We are meant to hold each other but not for keeping;
we kill—just as the toad cannot keep from leaping.
In the grave there is no work or device
nor knowledge nor wisdom, I read in Ecclesiastes.
Still, fishermen lift their nets, hoist death weeping,
throw back death twinkling like a small coin into the profitless seas.
Look, the eternal fish swims away leaping.
Moonless, we still have starlight, the aurora borealis,
fires above the Conqueror Worm and beneath
till the sun runs off with the earth in its teeth.
Francisco Goya y Lucientes,
I dedicate this paper swallow to you and fly it
from the balcony of San Antonio de la Florida
past the empty chapels of the four doctors of the church.

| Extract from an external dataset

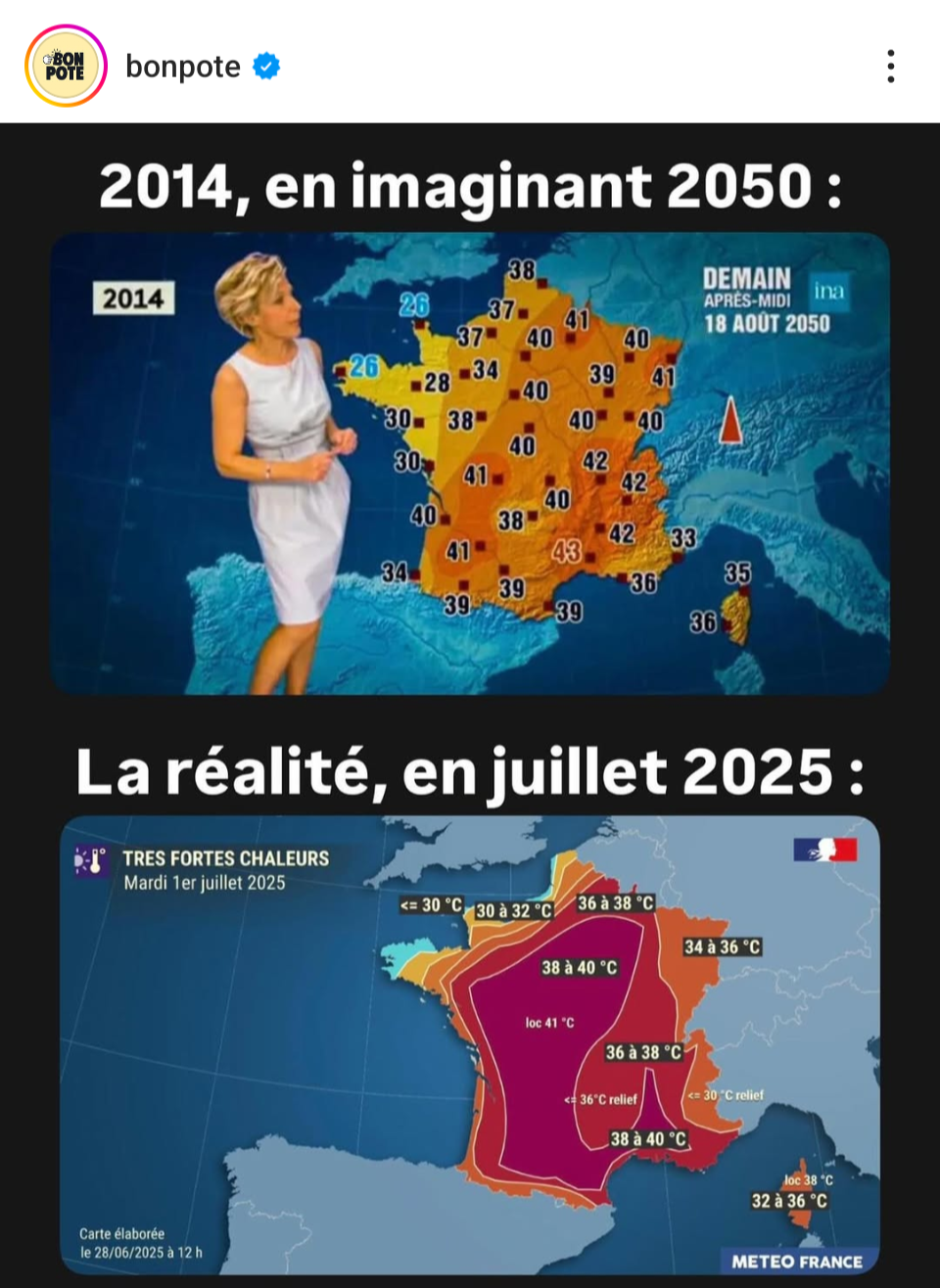 On voit fleurir depuis quelques jours une curieuse résurgence de 2014 dont je me rappelle fort fort bien avec Evelyne Dhéliat qui nous fait une météo de 2050. Et je me souviens qu’en effet, en cette époque lointaine, les températures présentées étaient surréalistes. Mais oui, dix ans plus tard nous y sommes déjà, et même pas en plein mois d’août.

My praying hands are fish fins again,
one eye a lump of tar, the other hard blood,
my flapping lids sewed down to my cheekbones.
Time, the invisible snake, keeps its head
and fangs deep in the vagina of space.
Reason blinded me, banished me.
I fight the liar in me, selective desire,
my calling nightmares “dreamless sleep.”
Blind, coño, I made a musical watch,
the image of Don Quixote points the hours,
Sancho the minute hand. I hear the right time
when I listen to my watch play church bells.
Mystery this, mystery that.
I have another watch—wolves howling and dogs barking.
Now the invisible snake swims in the Ebro.
I look out of my window to see time
as if it were not in my mouth
and all my other two-timing orifices.
Don Francisco, I swear at the feet of the dead who maim me
and the living who heal me that the least sound,
a page turning, whips me. I owe my blindness,
this paper swallow, to you, because I lived
most of my life, a marrano, in your deaf house.
I pull open one of my eyes like the jaws of a beast.
Father Goya told me
after the puppets were cut to pieces
you, Franciscan or Jew,
began the year in an ungodly place,
your head collared, protruding
from dead Rocinante’s asshole,
the horse’s belly lanced open
then laced with cord like a boot.
A commoner, you wrestled
through the stench, through the offal and bowels—
barking dogs around your gray head.
A week before, you did not celebrate
Christ’s birthday as your own, as a Russian poet did.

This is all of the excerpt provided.